### WHAT TO DO
Transcribe exactly the line with "Dreifke® Prüfplakette Jahr" and each line that follows it in the listing, down to the last, omitting all pictures.

### DATASET CONTENT
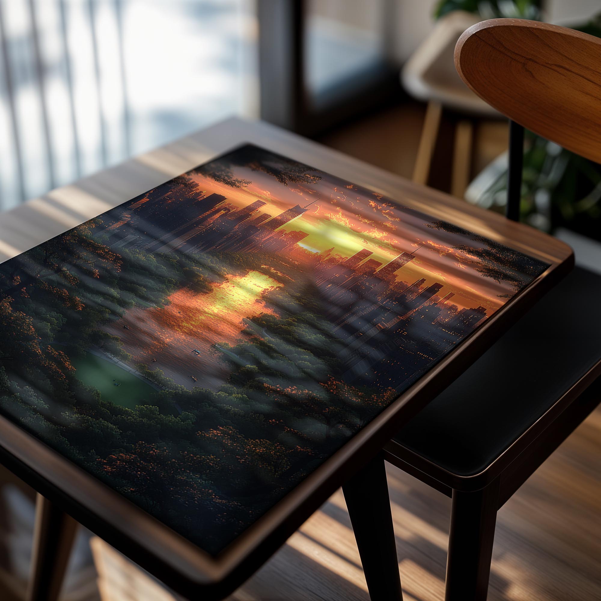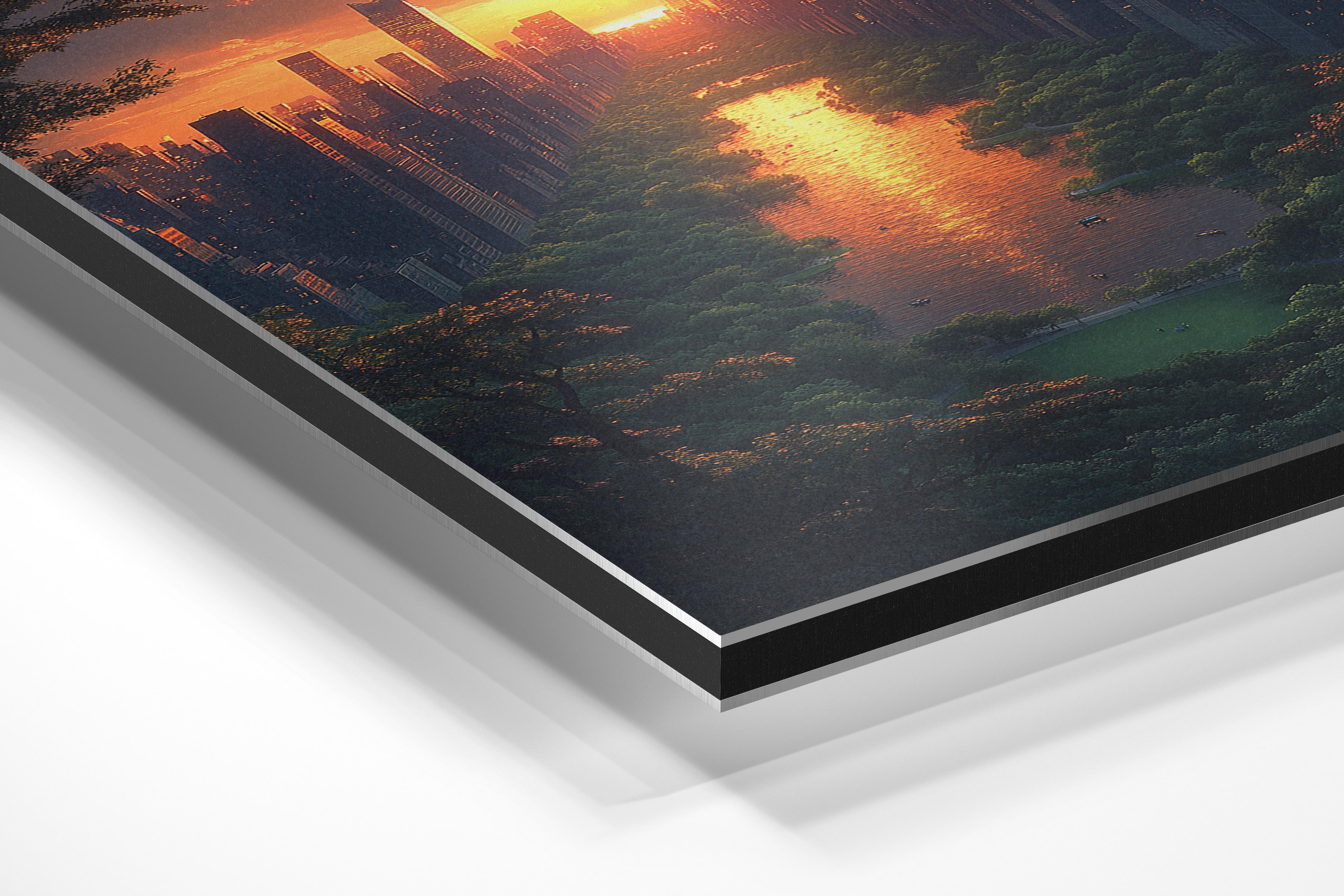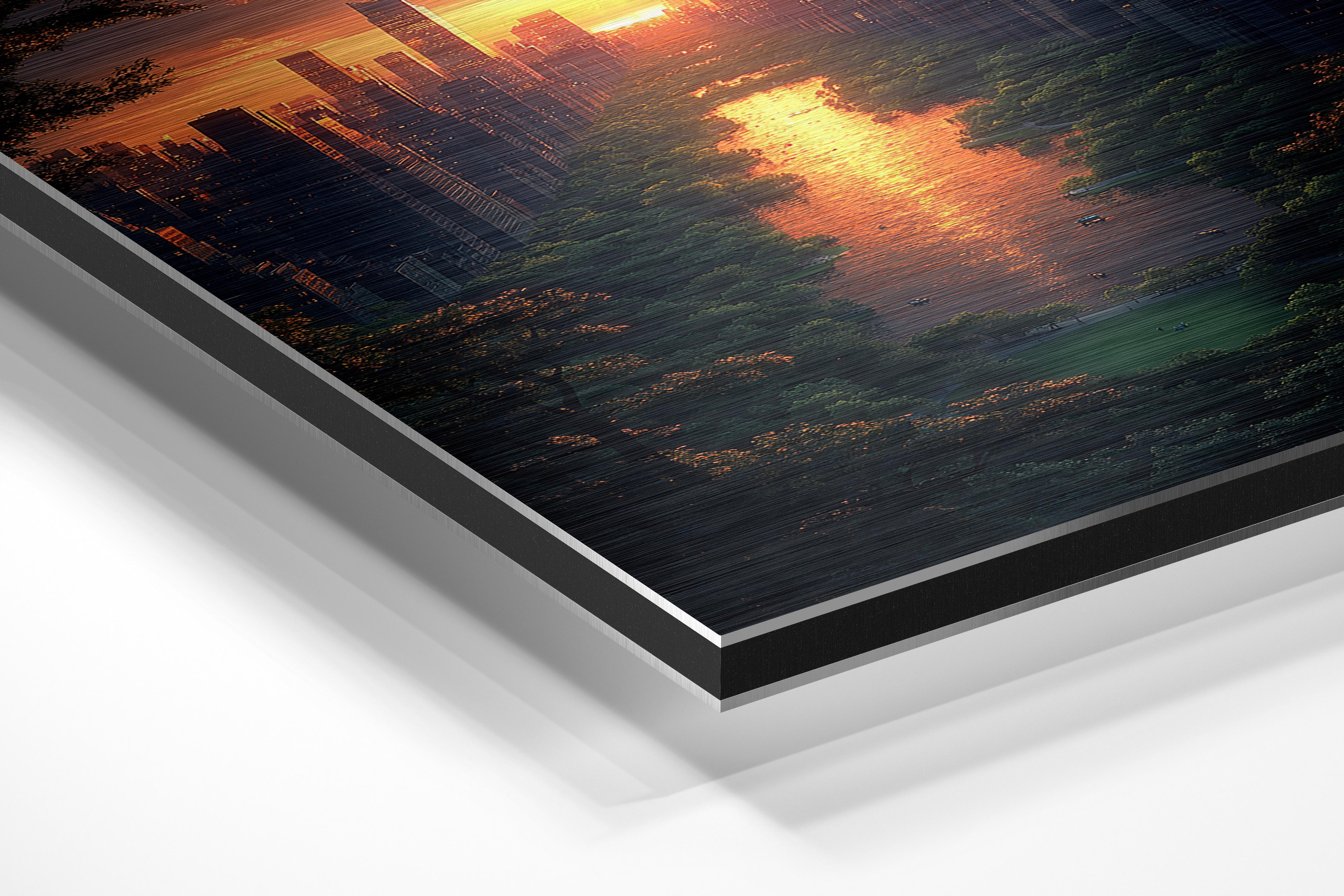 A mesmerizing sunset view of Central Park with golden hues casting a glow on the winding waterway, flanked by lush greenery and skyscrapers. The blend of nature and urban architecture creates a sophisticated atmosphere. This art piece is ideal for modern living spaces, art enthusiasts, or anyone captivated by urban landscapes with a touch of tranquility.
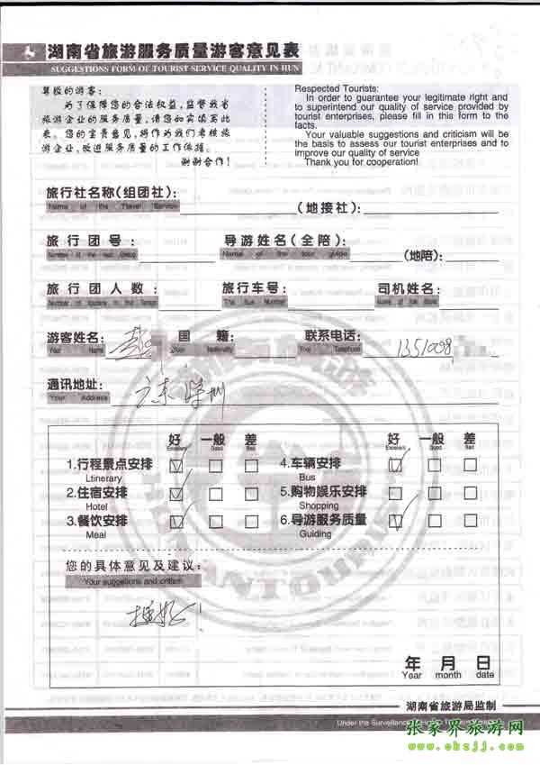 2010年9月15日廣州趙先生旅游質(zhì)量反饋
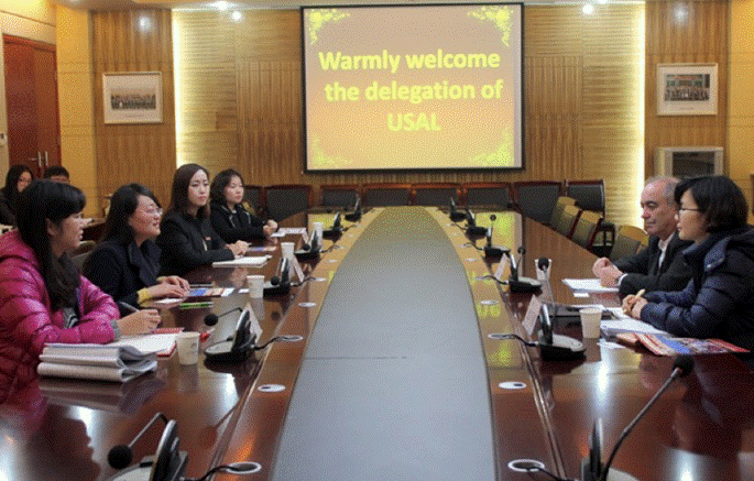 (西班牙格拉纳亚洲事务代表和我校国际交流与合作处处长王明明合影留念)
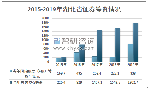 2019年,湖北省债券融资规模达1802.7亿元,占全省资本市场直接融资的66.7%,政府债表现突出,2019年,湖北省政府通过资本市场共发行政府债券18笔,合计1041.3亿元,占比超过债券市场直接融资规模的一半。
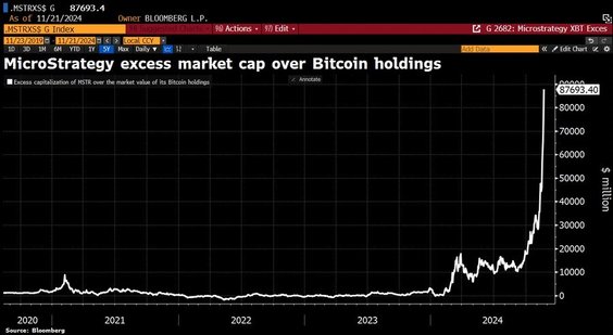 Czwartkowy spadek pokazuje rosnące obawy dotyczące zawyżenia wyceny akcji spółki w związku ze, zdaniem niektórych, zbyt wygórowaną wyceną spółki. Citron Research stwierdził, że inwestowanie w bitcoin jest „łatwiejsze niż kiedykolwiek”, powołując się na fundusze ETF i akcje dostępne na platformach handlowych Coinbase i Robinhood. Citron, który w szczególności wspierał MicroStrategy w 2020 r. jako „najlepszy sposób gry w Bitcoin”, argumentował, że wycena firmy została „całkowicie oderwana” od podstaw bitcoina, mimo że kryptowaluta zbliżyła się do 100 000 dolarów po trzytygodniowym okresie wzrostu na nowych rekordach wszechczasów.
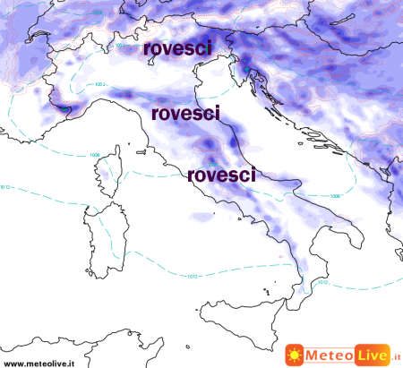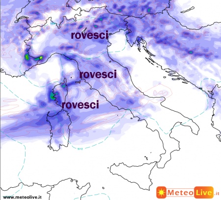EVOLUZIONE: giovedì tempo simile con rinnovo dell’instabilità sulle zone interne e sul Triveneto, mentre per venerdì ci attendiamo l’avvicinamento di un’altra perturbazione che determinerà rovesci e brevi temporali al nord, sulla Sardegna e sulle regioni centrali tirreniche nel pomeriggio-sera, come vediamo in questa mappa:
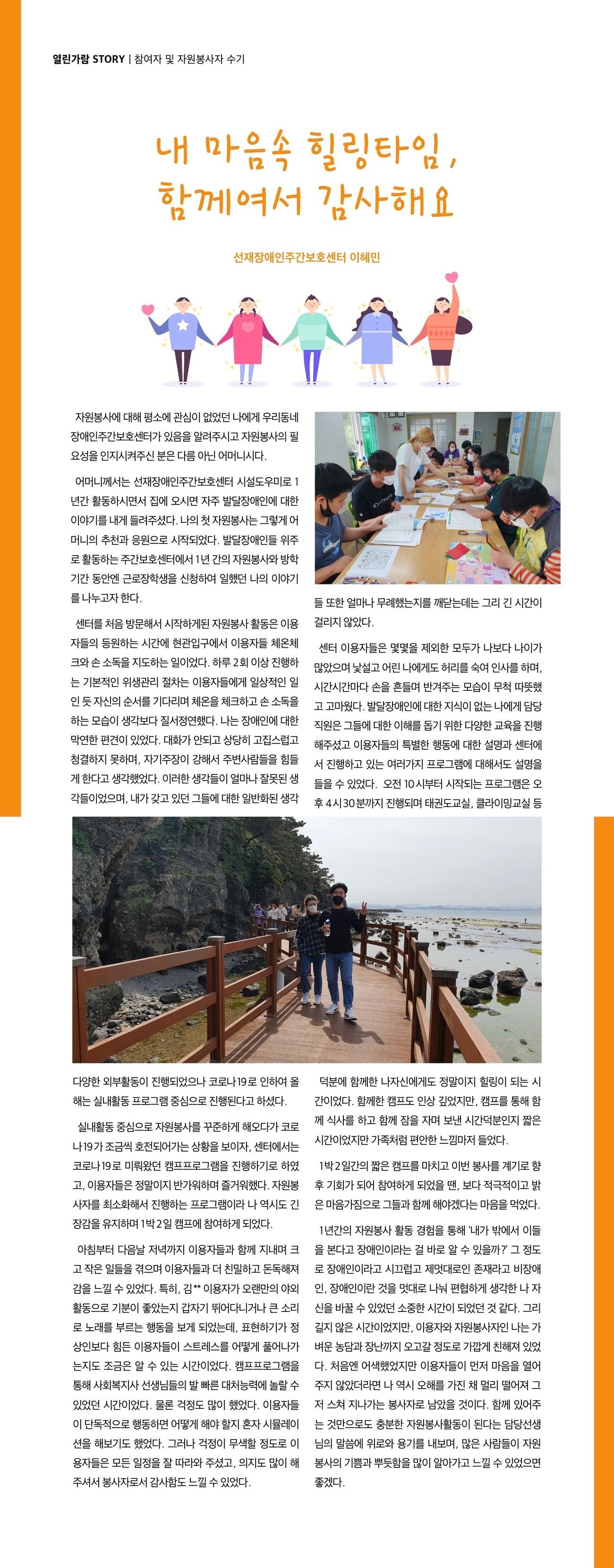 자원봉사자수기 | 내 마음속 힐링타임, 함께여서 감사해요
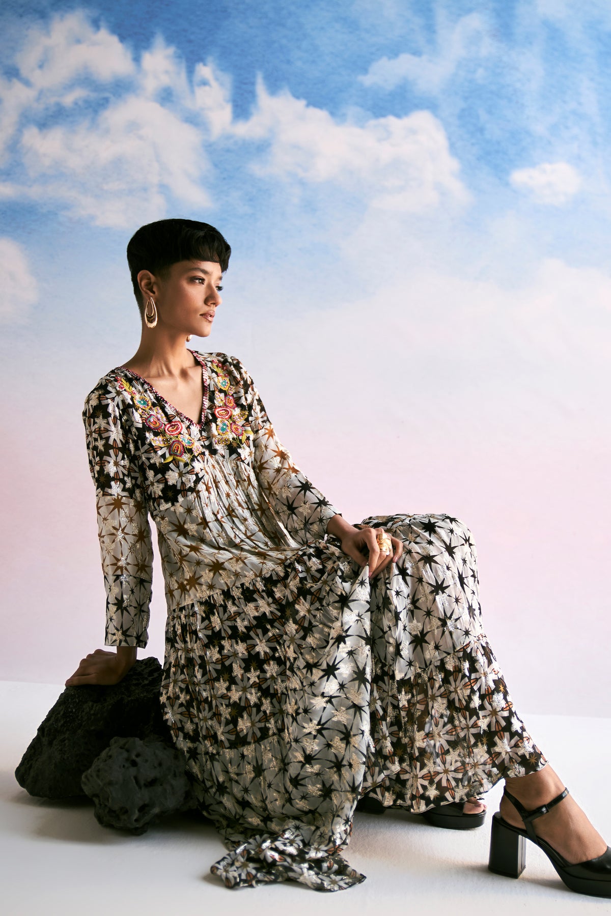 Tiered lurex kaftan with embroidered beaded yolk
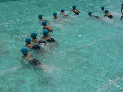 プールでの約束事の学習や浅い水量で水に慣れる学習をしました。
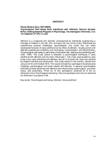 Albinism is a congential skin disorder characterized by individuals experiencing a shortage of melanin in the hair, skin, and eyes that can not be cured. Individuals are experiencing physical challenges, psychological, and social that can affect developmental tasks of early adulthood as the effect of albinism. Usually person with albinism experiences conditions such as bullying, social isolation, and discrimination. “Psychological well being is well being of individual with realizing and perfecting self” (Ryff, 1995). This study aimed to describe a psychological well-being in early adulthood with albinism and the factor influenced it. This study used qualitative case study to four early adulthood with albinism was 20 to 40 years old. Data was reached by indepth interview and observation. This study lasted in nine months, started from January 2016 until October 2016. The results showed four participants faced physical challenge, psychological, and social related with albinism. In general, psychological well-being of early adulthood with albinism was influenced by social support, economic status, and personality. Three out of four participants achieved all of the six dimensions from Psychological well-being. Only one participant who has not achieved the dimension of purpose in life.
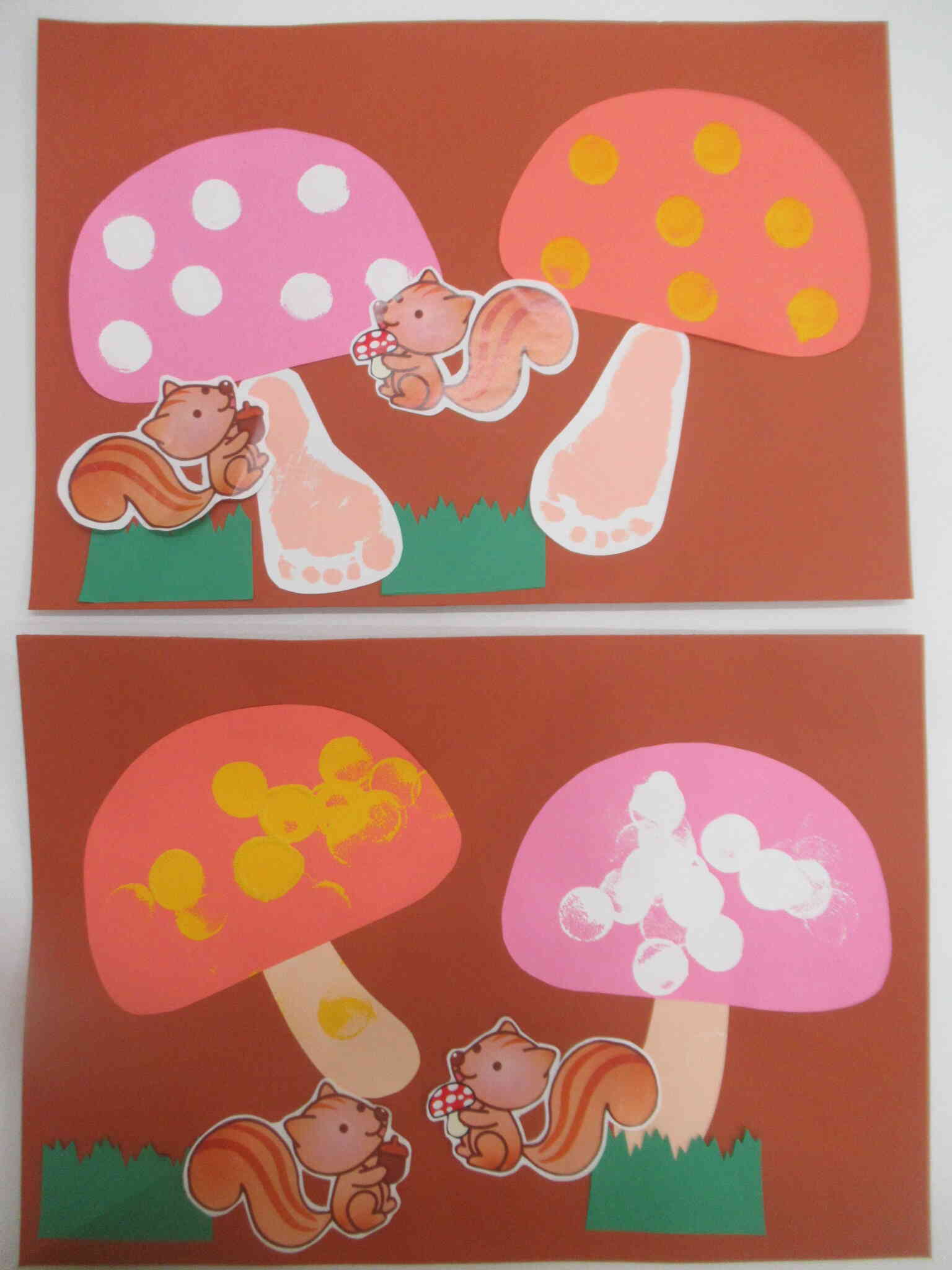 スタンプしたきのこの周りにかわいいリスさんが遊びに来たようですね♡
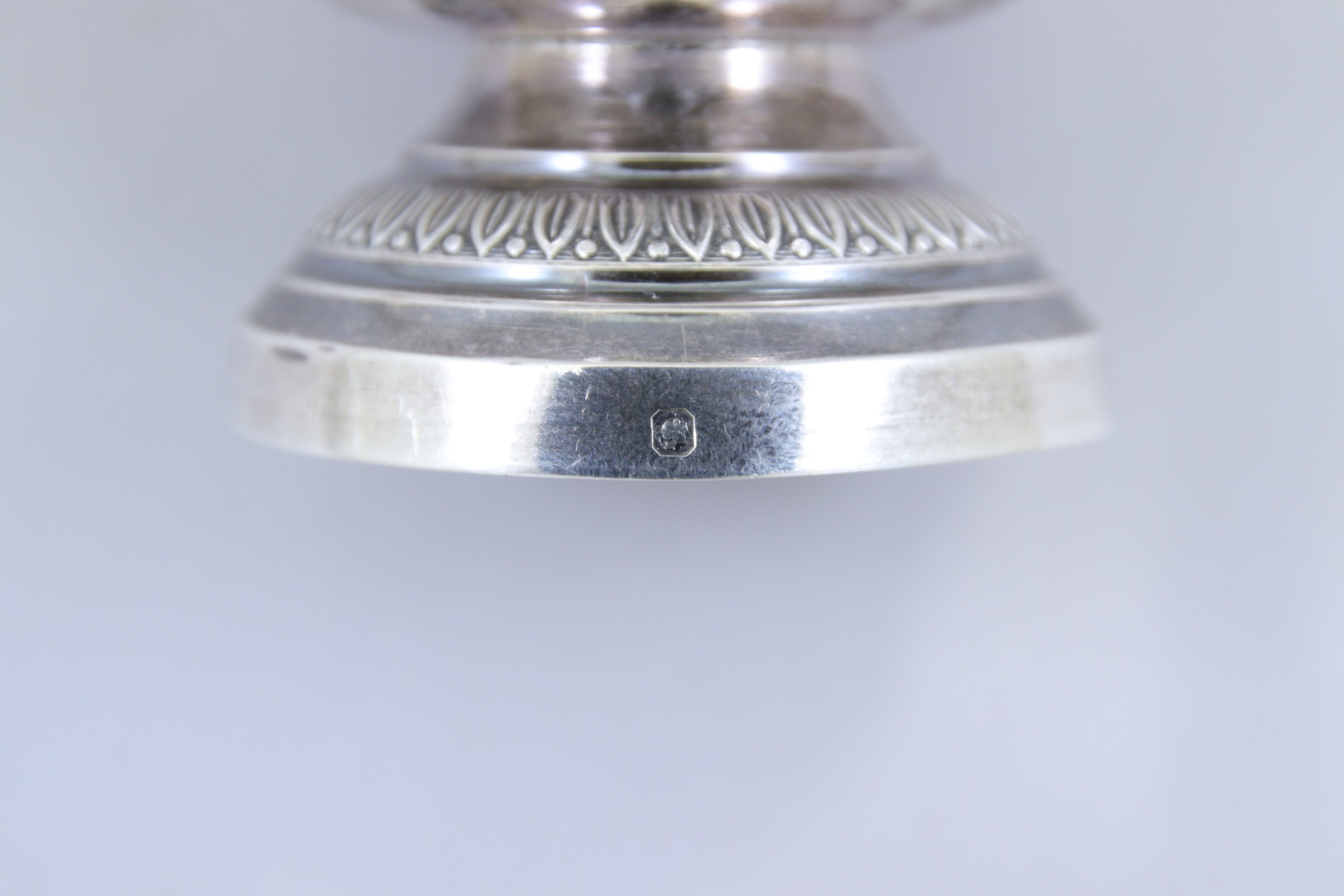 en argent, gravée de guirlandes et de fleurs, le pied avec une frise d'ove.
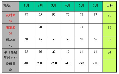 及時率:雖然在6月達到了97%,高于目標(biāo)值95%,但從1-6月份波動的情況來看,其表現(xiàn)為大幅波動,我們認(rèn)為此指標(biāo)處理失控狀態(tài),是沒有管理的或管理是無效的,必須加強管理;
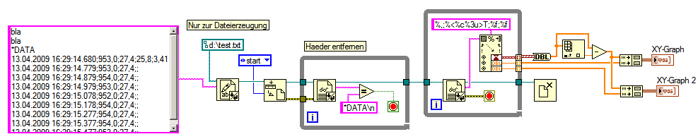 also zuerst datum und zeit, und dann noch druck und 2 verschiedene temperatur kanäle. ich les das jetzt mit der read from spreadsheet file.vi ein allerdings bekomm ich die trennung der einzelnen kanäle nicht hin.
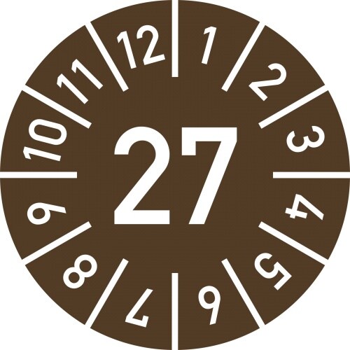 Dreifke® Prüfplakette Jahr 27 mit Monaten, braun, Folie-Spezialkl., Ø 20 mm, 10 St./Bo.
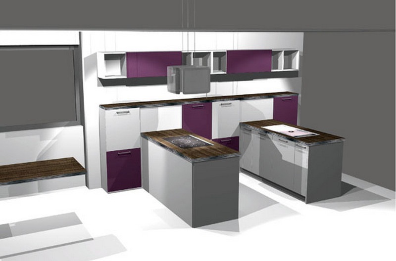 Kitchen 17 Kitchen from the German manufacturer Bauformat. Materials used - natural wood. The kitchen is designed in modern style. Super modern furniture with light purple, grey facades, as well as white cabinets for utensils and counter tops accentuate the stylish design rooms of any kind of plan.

### YOUR RESPONSE
 Dreifke® Prüfplakette Jahr 27 mit Monaten, braun, Folie-Spezialkl., Ø 20 mm, 10 St./Bo.
 Kitchen 17 Kitchen from the German manufacturer Bauformat. Materials used - natural wood. The kitchen is designed in modern style. Super modern furniture with light purple, grey facades, as well as white cabinets for utensils and counter tops accentuate the stylish design rooms of any kind of plan.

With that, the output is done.